You can rephrase this problem: by an inverse Fourier transform of I(q), you get ρ(r) convolved with its own mirror image (something called the Patterson function). The hard part of the problem is getting from the Patterson function to the underlying electron density ρ(r). This doesn’t have a single elegant solution, only a bunch of tradeoffs you can take. Since this is often done for finding the structure of biomolecules (especially proteins), I’ll list a few with that application in mind.^[8]

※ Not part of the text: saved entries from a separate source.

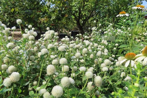 秋のイメージが強いセンニチコウですが、夏の暑さにもよく耐え、こんなに花を咲かせてくれました。
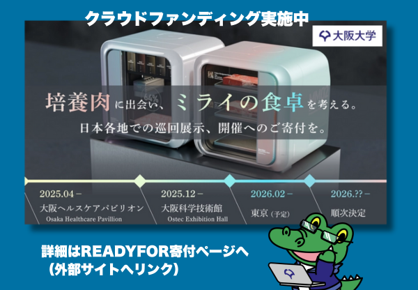 大阪大学工学研究科が運営パートナーとして参画している「培養肉未来創造コンソーシアム」が2025年日本国際博覧会の大阪ヘルスケアパビリオンで協賛した「家庭で作る霜降り肉」ブースの内容が、12月上旬より大阪科学技術館にて期間限定で展示されています。
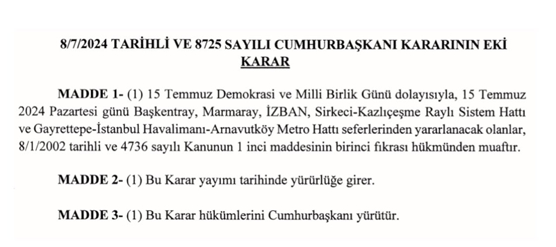 Resmi Gazete'de 9 Temmuz'da ilan edilen Cumhurbaşkanlığı kararına göre 15 Temmuz günü Marmaray, Başkentray, İstanbul Havalimanı ve bazı hatlar ücretsiz olacak.

For not-too-complicated crystals, you can try to power through with math alone. The problem is quite constrained simply because the density has to be a real-valued function and cannot be negative. You can hope that it’s in fact constrained enough to have a unique solution, which you can try to find by some iterative algorithm. One thing you can do is repeatedly Fourier-transform back and forth between an electron density and a diffraction pattern, always applying constraints (removing negative numbers in the density half and changing the amplitudes to the observed ones in the intensity half), hoping to converge to a self-consistent answer.
- There is no proof that this procedure works in general,^[9] but you can try more specific physical constraints if you initially fail. For more complicated structures like proteins, it’s not computationally possible, and the data isn’t good enough to solve this with more computing power anyway.
- You can do molecular replacement: start the iterative methods from the structure of a similar crystal or a guess of the shape to give the model a better chance of converging, but this introduces a bias to the procedure.
You can add heavy atoms to your protein; they produce a strong signal that helps localise them in the Patterson function, and then you can use their positions to constrain the rest of the signal. But this only works when the protein keeps its shape after this modification, which it might not (proteins can change shape in one part in response to something happening at a different part of the protein entirely — in fact this is a common protein function, called allostery). This is called multiple isomorphous replacement (MIR); the isomorphous refers to the hope that the structure doesn’t change.
You can use more sophisticated physics of the interaction of X-rays and matter (part of the reason for the more-or-less above): X-rays can also be absorbed by atoms. This is strongest at specific frequencies for each atom, called absorption edges. At those frequencies, the contribution of the atom to the density function suddenly jumps up.
- In Multi-wavelength Anomalous Diffraction (MAD), you measure just below and just above an absorption edge, which is like suddenly getting more density at those atoms only, at which point you can use the same techniques as for MIR, but without the worry that the structure changes.
- Single-wavelength Anomalous Diffraction (SAD) is an even more subtle method that works with a single measurement around the absorption edge.
- For both of those, the tradeoff is that you need more sophisticated measuring technology (a synchrotron), and you also need specific atoms in your structure (but they are more biology-friendly ones like selenium or sulfur).
You might want to just simulate the physics of protein folding using molecular dynamics, but we’re just not there with our computing speed for this to be practical.
These days, you can use AlphaFold, a machine-learning model that can predict the structure of a protein just from its amino acid sequence (something easily found by chemical means). This is a big deal (it practically solved the “vanilla” problem of protein structure prediction, something nobody had expected to happen for decades to come, and it’s now even used in experimental work for molecular replacement), but it only exists on top of all the previous methods, since it can only be trained on structures where there is a lot of existing experimental data. After proteins, later versions also took on more complicated edge cases and other biomolecules, but the more edgy the cases get, the less reliable AlphaFold gets.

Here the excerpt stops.